Scientists have been working to improve lithium-ion battery technology for years. And with the recent spate of fires from smartphones, hoverboards, and laptops, I’m fairly certain that research in this area has ramped up significantly. A quick search of Ceramic Tech Today yields dozens of articles, all describing some of the latest achievements in lithium battery research.

Now, a new development has emerged from a research team at Drexel University that would significantly reduce the chances of a battery malfunction. Yury Gogotsi, Distinguished University and Bach professor at the College of Engineering, and his team of researchers from the Department of Materials Science and Engineering developed a process using nanodiamonds to curb the growth of dendrites in lithium batteries.

Dendrites are those pesky growths—like unwanted vines growing in your garden—that form inside a battery due to the constant flow of ions when the battery is in use or being charged. Over a period of time, dendrites can grow enough to break through the battery’s separator, joining positive and negative into one large short-circuited fire.

Nanodiamonds, carbon-based particles 10,000 times narrower than a human hair, have found their calling in a number of applications, including automotive lubricants, polishing compounds, and even skincare products. In fact, Gogotsi has already been experimenting with nanodiamonds for drug delivery applications.

According to Drexel’s news release, one way to minimize dendrite formation is to use a lithium-filled graphite electrode, as opposed to a pure lithium electrode. Graphite prevents dendrite formation but doesn’t hold as much energy as pure lithium. So your choice is either no dendrite formation and a battery with less energy storage, or a battery with higher energy storage and the chance of dendrite formation.

Gogotsi and team solved this dilemma by adding nanodiamonds to the battery’s electrolyte. Because lithium ions like nanodiamonds, they join together in an orderly manner as they’re plating the electrode. According to the paper, “lithium prefers to adsorb onto nanodiamond surfaces with a low diffusion energy barrier, leading to uniformly deposited lithium arrays.”

Dendrite formation (left column) can result in lithium battery malfunctions. Adding nanodiamonds to the electrolyte creates order and prevents dendrite formation. Credit: Drexel University.

After 100 cycles of charging and discharging, the researchers found that nanodiamonds contributed to the formation of uniform lithium ion deposits and suppression of dendrite formation.
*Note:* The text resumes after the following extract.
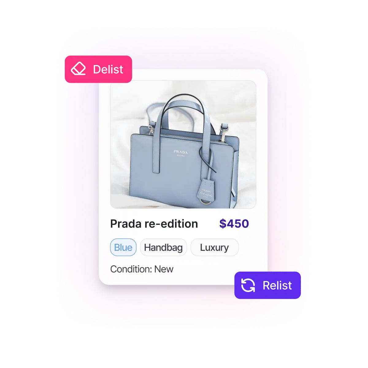 Delist and relist with one click to keep your listings fresh and visible

This is a huge breakthrough for lithium-ion batteries—however, Gogotsi believes this is only the beginning of exploring electrolyte additives.

“It’s potentially game-changing, but it is difficult to be 100% certain that dendrites will never grow,” Gogotsi says in the release. “To ensure safety, additives to electrolytes, such as nanodiamonds, need to be combined with other precautions, such as using non-flammable electrolytes, safer electrode materials, and stronger separators.

“It’s important to remember that additives suppressing dendrite growth should be combined with more sturdy separators and other safety features to exclude the chance of a short-circuit,” he writes in an email.

Future applications

Besides the obvious—smartphones and laptops—Gogotsi suggests the process can initially be used in less critical applications. “New materials and technologies are usually introduced in applications that have smaller volumes and more tolerance to risk,” he adds. “We envision that this approach can be used in small coin cell batteries, in applications that require a shorter cyclic lifetime (home tools), or military applications where much better performance justifies some risks. When proven safe and scaled-up during use in niche applications, the technology may spread out to large-volume applications as well.”

The paper, published in Nature Communications, is “Nanodiamonds suppress the growth of lithium dendrites” (DOI: 10.1038/s41467-017-00519-2).